The basis for this behavior is if there is no proxy and an SSL certificate cannot be decrypted, the firewall can avoid attempting to decrypt traffic at that IP for the duration of the exclude-cache. The trouble is that an explicit proxy will cause all sites to be the same IP and will get excluded.
There are a few ways to work around/solve the issue.
1. Move the proxy behind the Palo Alto Networks firewall. This might mean that you have to use the proxy to spoof the client IP if you are using user-id.
2. Use transparent proxy (policy-based-forwarding, L4 routing, WCCP, etc.) upstream from the Palo Alto Networks firewall.
3. Manually add URLs to the exclude cache list. This is fairly time intensive, because it is a reactive approach rather than proactive. The command is:
# set ssl-decrypt ssl-exclude-cert www.example.com
#1 might be the easiest to do, though #2 might work better if you already have the equipment to do so.
Hope this helps!
Another problem is that the identified appid could be just "http-proxy" instead of the true app being used if you have Client <-> PA <-> Proxy.

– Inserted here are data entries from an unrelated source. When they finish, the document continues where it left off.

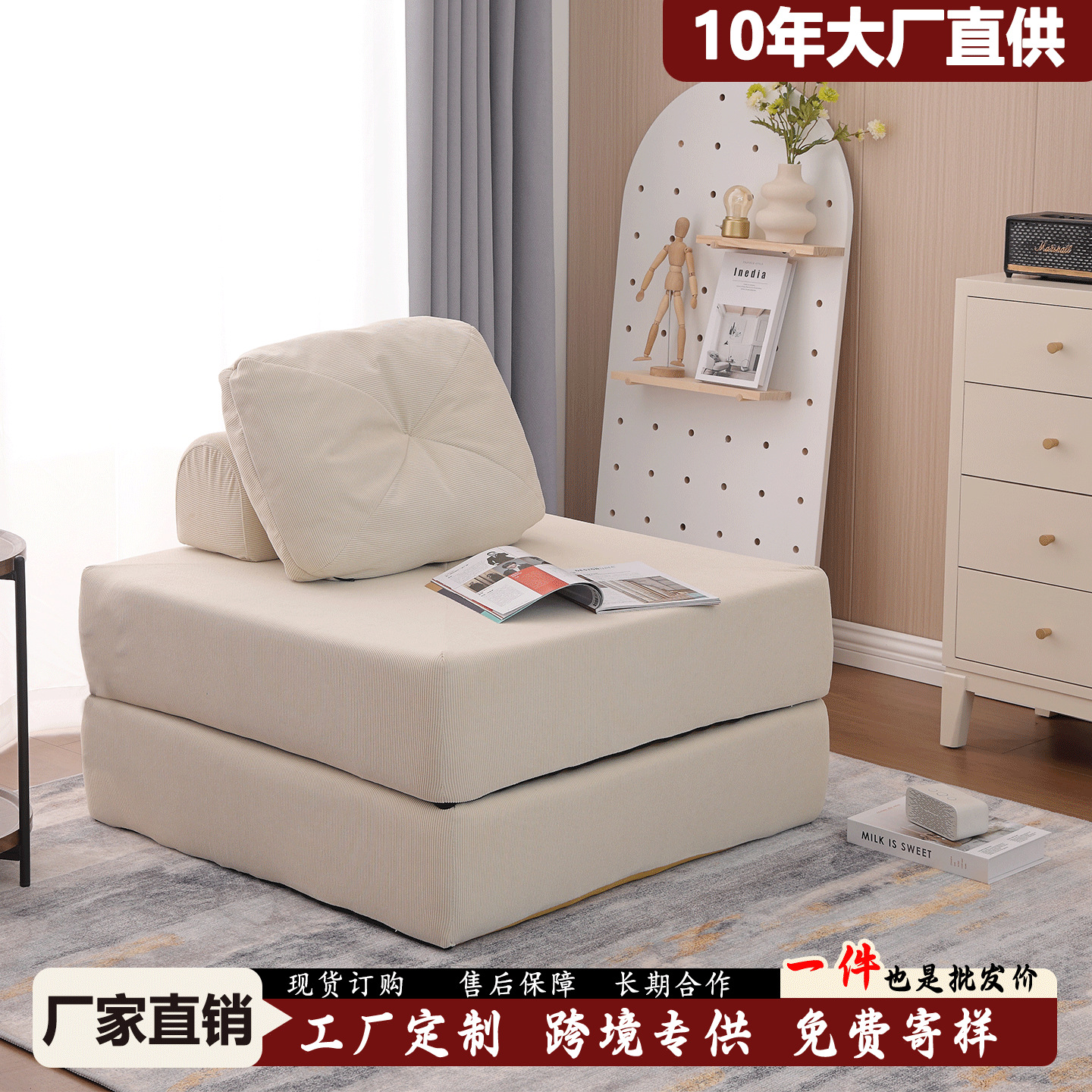 イタリア風床置き豆腐チェア、寝室用ソフトチェア、洗濯不要のレイジーソファ、ダブルアームレスレイジーチェア、シンプルなリビングルーム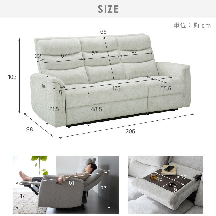 電動リクライニングソファー ヘッドリクライニング USB TYPE-C USBポータ リクライニングソファー リクライニングソファ 可動式 ヘッドレスト フットレスト 三人掛け 3人がけ 3人用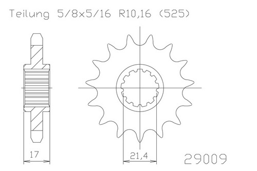 Ritzel 14 Zähne Stahl 525er Teilung (5/8x5/16)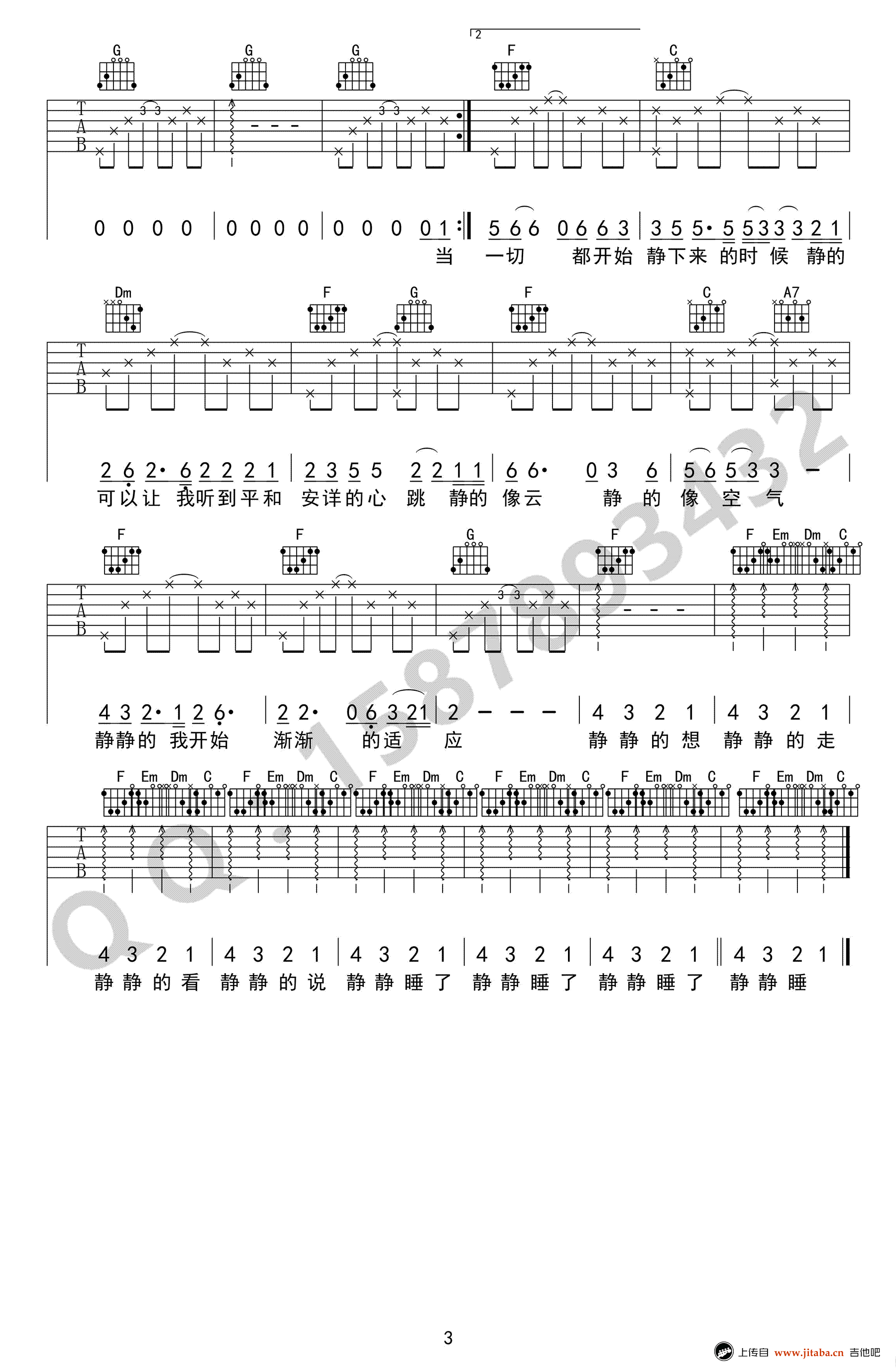 当前位置:琴谱网>吉他弹唱>静下来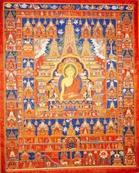 贝丹哲蚌大塔(清代——布画),在印度的庄严吉祥聚米塔内,释迦牟尼佛着受用报身之装束,讲授时轮本尊续,17世纪作品。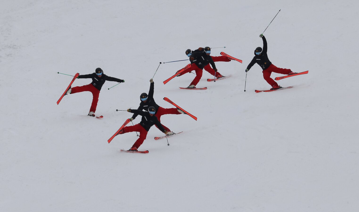 Fünf Skifahrer führen synchrone Hebefiguren mit ausgestreckten Armen und Beinen aus | © Michael Simonlehner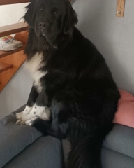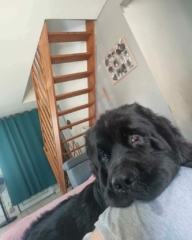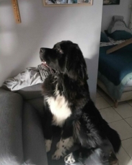 je suis URANUS, un jeune mâle Terre-Neuve de 1 an et demi, pesant 54 kg. Je suis un gros nounours très timide, gentil, joueur et propre.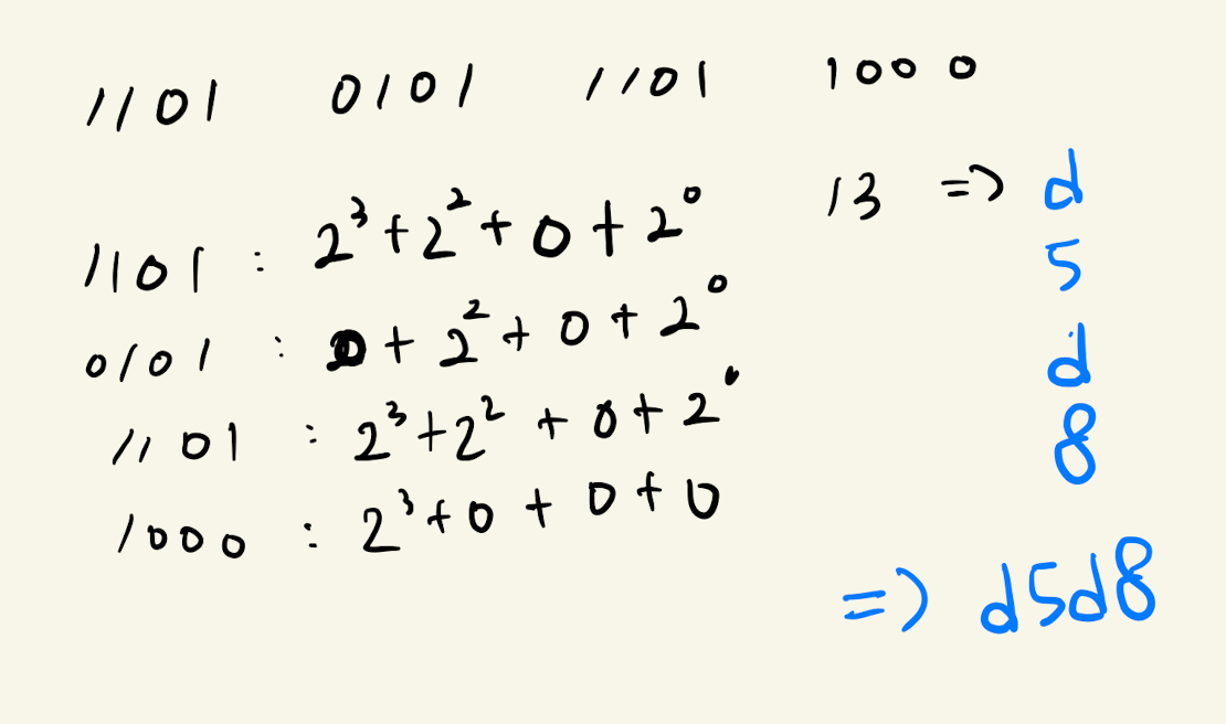 지금까지는 2가 밑, 10이 밑, 8이 밑이였는데 이제는 16이 밑이다.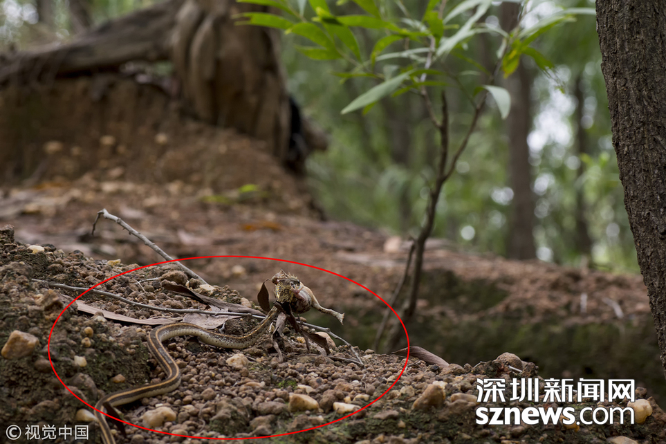 印度加爾各答B(yǎng)olpar,業(yè)余攝影師Agniswar Ghosal在Bolpar散步時(shí)拍到蛇大口吞咽蟾蜍的震撼場(chǎng)景。一條細(xì)長(zhǎng)的蛇正試圖整個(gè)吞下一只大蟾蜍,蟾蜍的頭已經(jīng)進(jìn)了蛇口,大半截身體還在外邊。這條野心勃勃的蛇把這只毫無戒心的蟾蜍從洞里拖了出來,然后溜進(jìn)灌木叢,安靜地享用晚餐。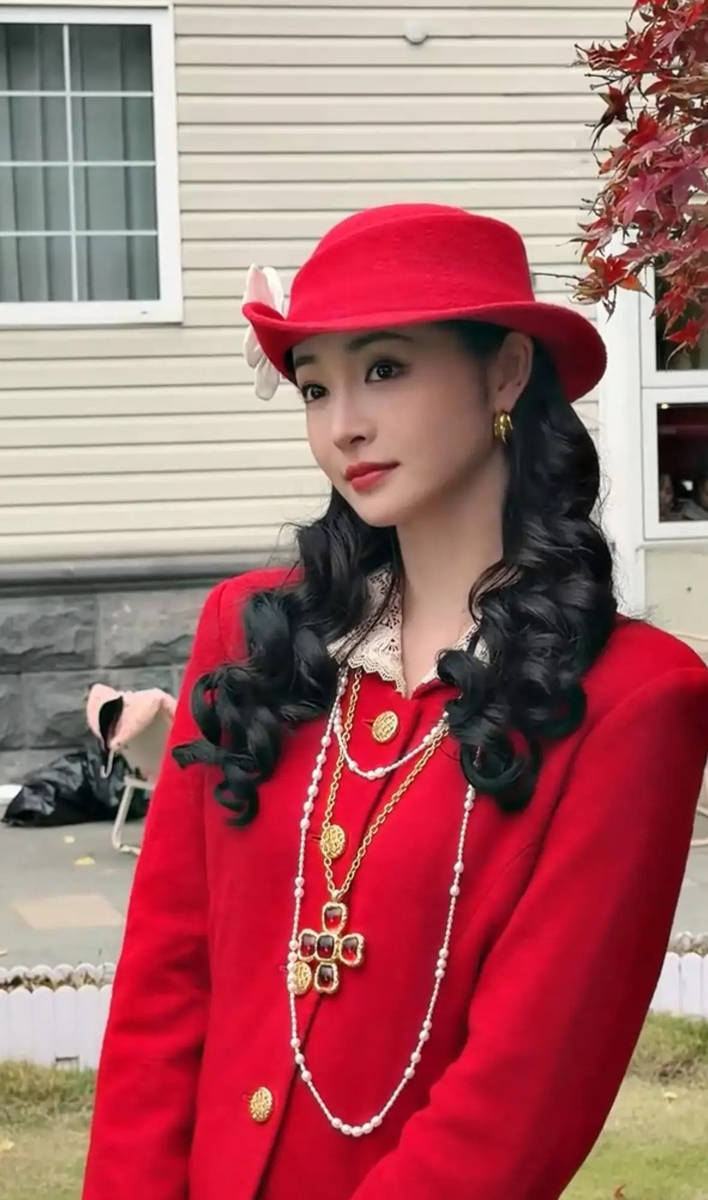 民国美学的核心在于“中西合璧”,而周洁琼的造型恰好完美诠释了这一点。红色是最具代表性的中式色彩,象征着吉祥与活力,而西装套裙则是西方服饰的经典款式,代表着现代与独立。这种组合在民国时期本就是新女性的标志性装扮,周洁琼将这种经典元素重新演绎,去掉了年代感的陈旧,保留了核心的优雅与独立。她的卷发造型也并非完全复刻民国样式,而是融入了现代的蓬松感与层次感,让发型既复古又时尚,更符合当代人的审美需求。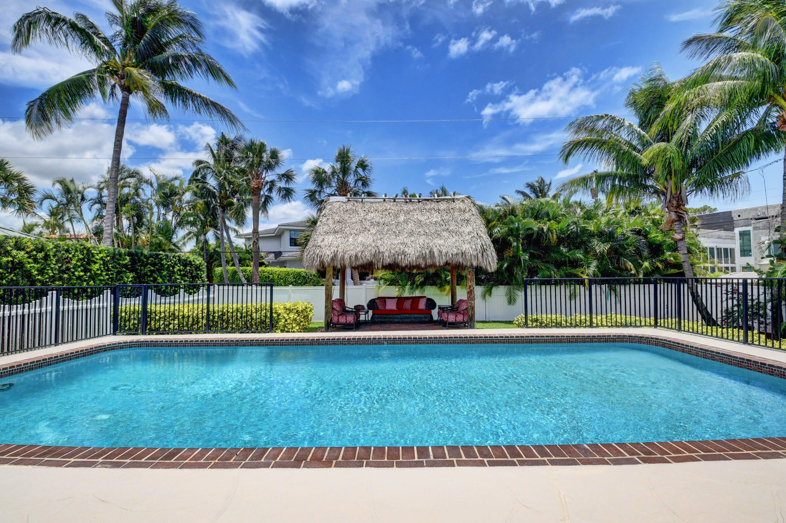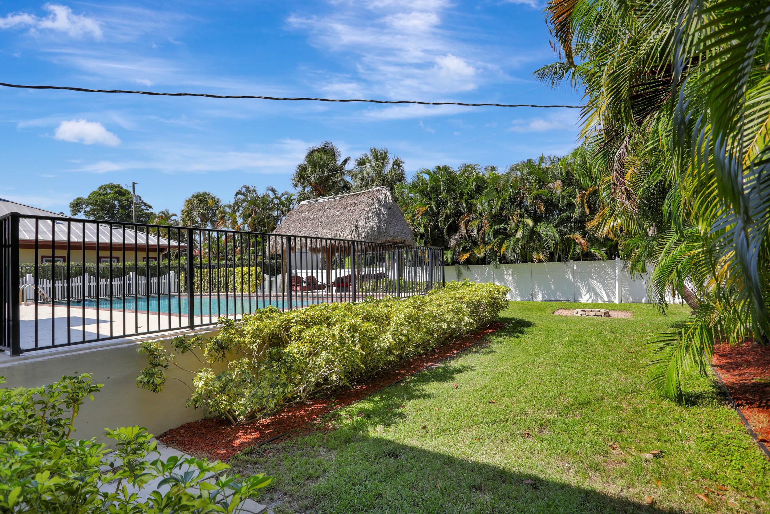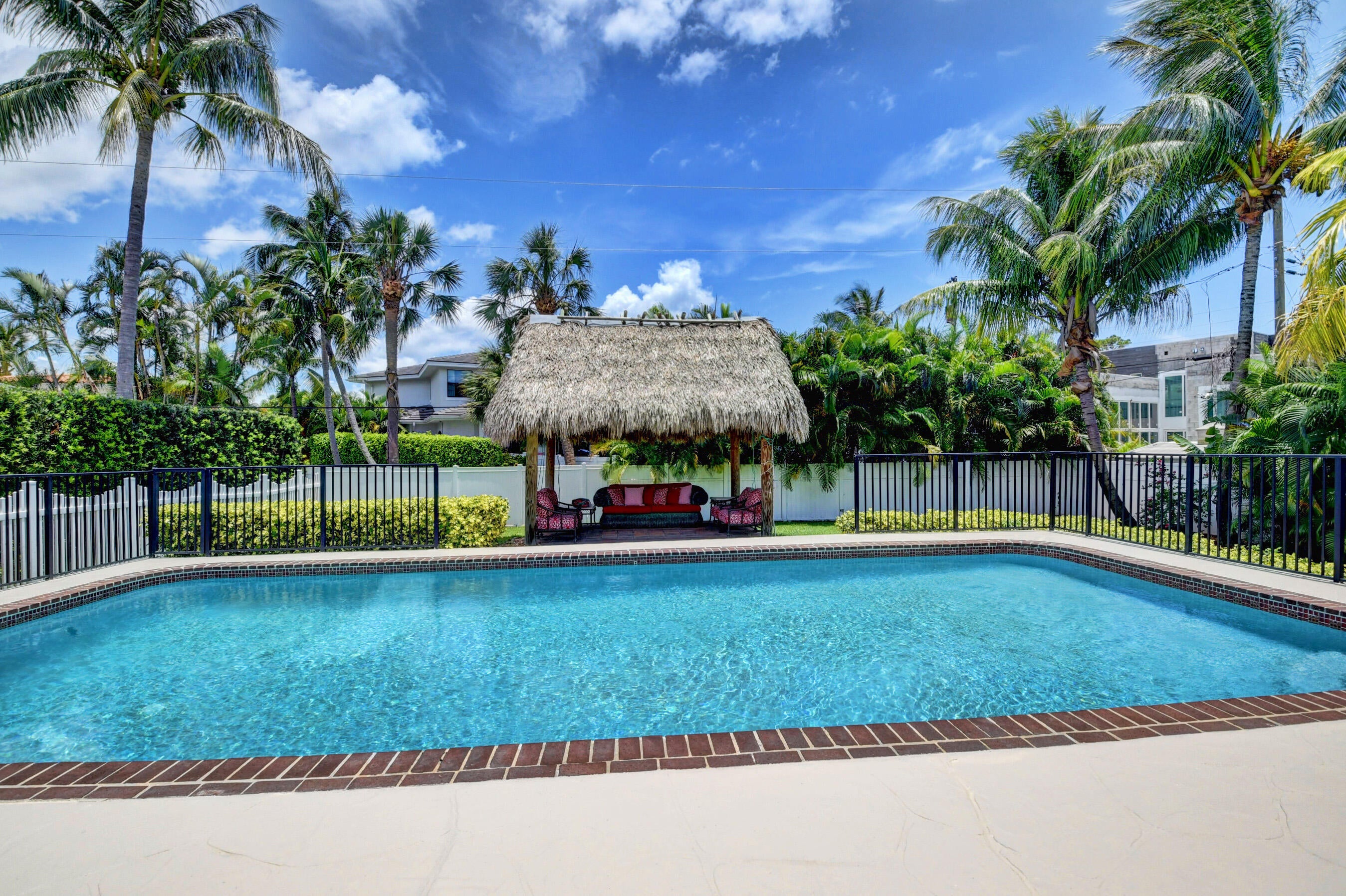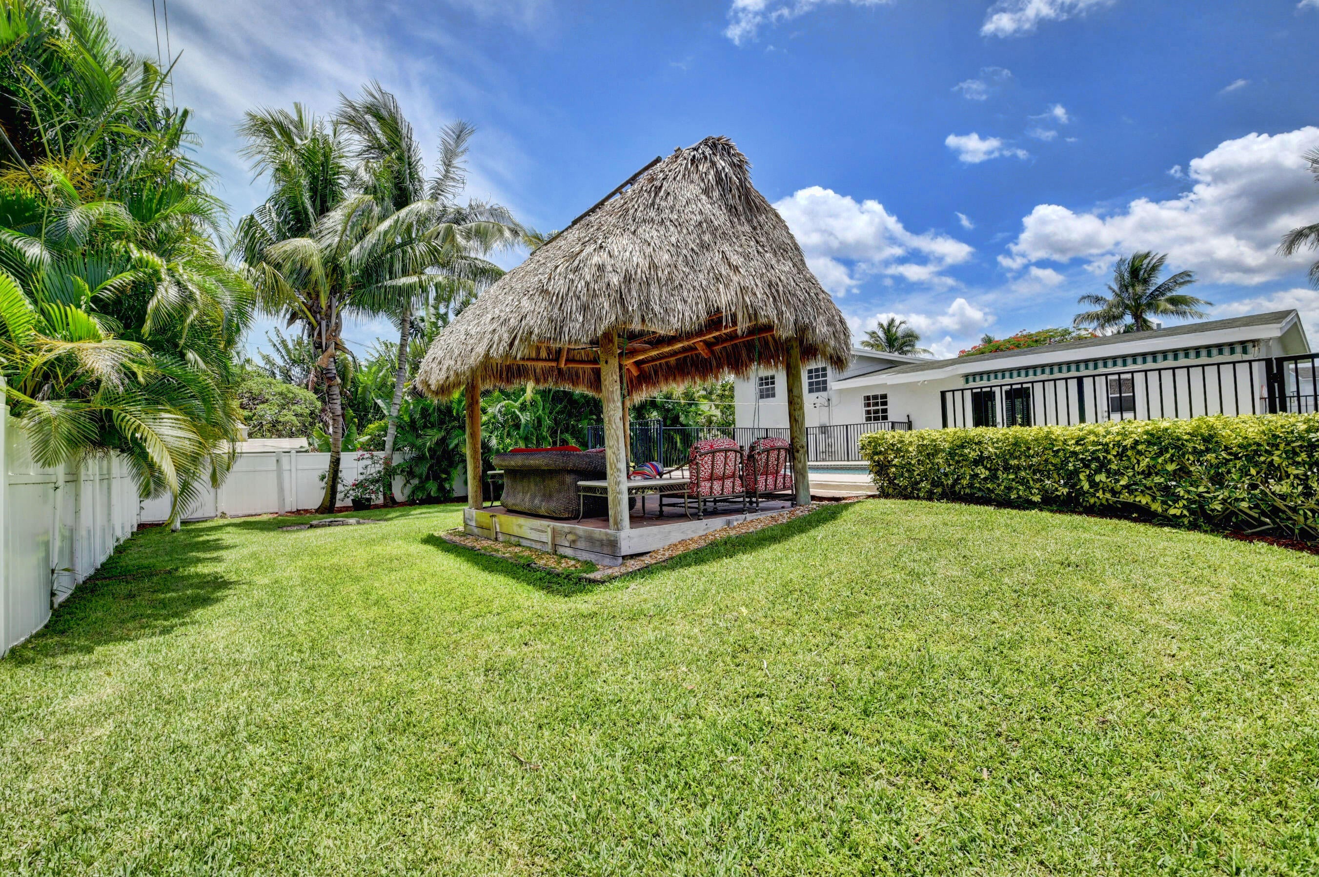 Gorgeous single family pool home at Golden Triangle @ East Boca Raton! Beautiful 3 bedroom, 2 bath, totally updated, newer kitchen and bathrooms, tile floor throughout, wine cooler, abundance of natural light, smart fridge, LED mirrors in bathrooms, large eat-in kitchen area, California closets in all rooms. Ideal summer backyard, perfect for entertainment and outdoor activities! 1.5 car garage, Tiki hut, fire pit, sunshade canopy & more! LAWN AND POOL MAINTENANCE INCLUDED with the rent. Excellent location one block from Lake Wyman Park w/ tennis courts & kids playground, A-rated schools, walk or bike to the beach, close to shopping, Downtown Mizner Park, Royal Palm Place and the best Boca Raton has to offer! 2 miles to I-95, Annual Lease Only. NO HOA. Call today for more information!

The "proper" solution, as already mentioned, is to setup the flow as Client <-> Proxy <-> PA.
Also when the PA cannot decrypt the ssl (for example if the server cert cannot be verified) you can use a second cert in PA which the PA will use to notify the client that there is something bad with this connection.
1) Good example: Client tries to connect to server using ssl. PA terminates this and handshakes on its own with the server. If the servercert is verified and everything is good PA will then use CERT_OK (or whatever you might call it) towards the client. Client has the CA (which PA uses) as trusted authority (otherwise the client will get a warning that the cert sent from PA couldnt be verified against the CA list).
2) Bad example: Same as above but the servercert is bad somhow, the CA might not be trusted or the cert expired etc. Instead of using CERT_OK your PA can instead use another cert as CA in the handshake towards the client named CERT_BAD (or whatever you call it). The client has this CERT_BAD as untrusted/blacklisted CA in its browser.
This way the client can get notified if the PA <-> server connection is good or bad.
"Another problem is that the identified appid could be just "http-proxy" instead of the true app being used if you have Client <-> PA <-> Proxy."
That's completely FALSE !!
Even if the traffic is going though a proxy (User-> PA -> Proxy) you can still apply application rules to the traffic flow !
Instead of seeing 'web-browsing' as application in the log, you will see 'http-proxy' but all the other applications (ms-update, etc) will be recognized correctly !
If you need SSL exemption (for specific domain), you must use DNS format (like *.google.com) not IP.
Thats what I said - AppID only identifies the outer application being used.
That is if you have Client <-> PA <-> Proxy then all traffic passing through will be "http-proxy" instead of "youtube, facebook, google-apps" etc.
Yes it can evaluate the X-Forwarded-For header however the value of XFF will be in the source user column in the logs.
And currently if you choose to clean out the XFF header it will probably get a hit in misconfigured IPSes (because the header isnt properly cleaned out, just nulled that is the line with XFF will currently show "X-Forwarded-For:" - just the ip/hostname part will be removed).
Also XFF seems to be non-standard-RFC.